Forum Discussion
3 Replies
- JScho6
Occasional Contributor
I tkae it that you did not intend to open a new thread, but wanted to answer yesterday's thread?
Anyway, once the chip is showing this kind of damage, it's dead for good, not way to re-vive it. Did you check the design for use of 5V signals that possibly drive into clamping diodes that you may have switched on by accident?
Jens
- NReddy
New Contributor
Hi Jens,
Thank you for the answer..
You are correct..that I was trying for premier support...so posted it again by mistake..
And Yes I have checked design for 5V tolerent standard and it is designed for 3.3V standard.
And if I am not wrong, if this is due to quartus design issue then problem should be consistent rt...?
Sorry forgot to mention in post...FYI..it is happening only in around 10% of boards i.e 8/80 boards..
- JScho6
Occasional Contributor
If this is only happening on a few boards, then you're probably looking for a different cause. The defect you're describing may be a latch-up, which means that both the push and the pull driver of the CMOS output are driven at the same time, shorting out the IO voltage to GND.

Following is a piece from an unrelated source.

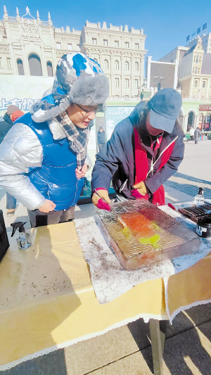 本报讯(记者 张鸣霄 文/摄)2日,索菲亚景区广场上,游客们被一幅幅现场制作的冰版画吸引。这场“冰版画新年·马上有惊喜”文化体验活动,既是对即将到来的马年的期许,也给游客们带来冰雪与艺术碰撞的惊喜。

I have hardly ever seen this on an FPGA. but I've seen it many times on CPLDs, ever since the AMD MACH series. The most likely cause for a latch-up on CPLDs is power spikes and drops. Check voltage ripple and step response on your regulators. You can always improve step response with a larger cap and lower ESR, but with multiple voltages involved on an FPGA board, you may need to go into deeper analysis for possible cross-regulation problems.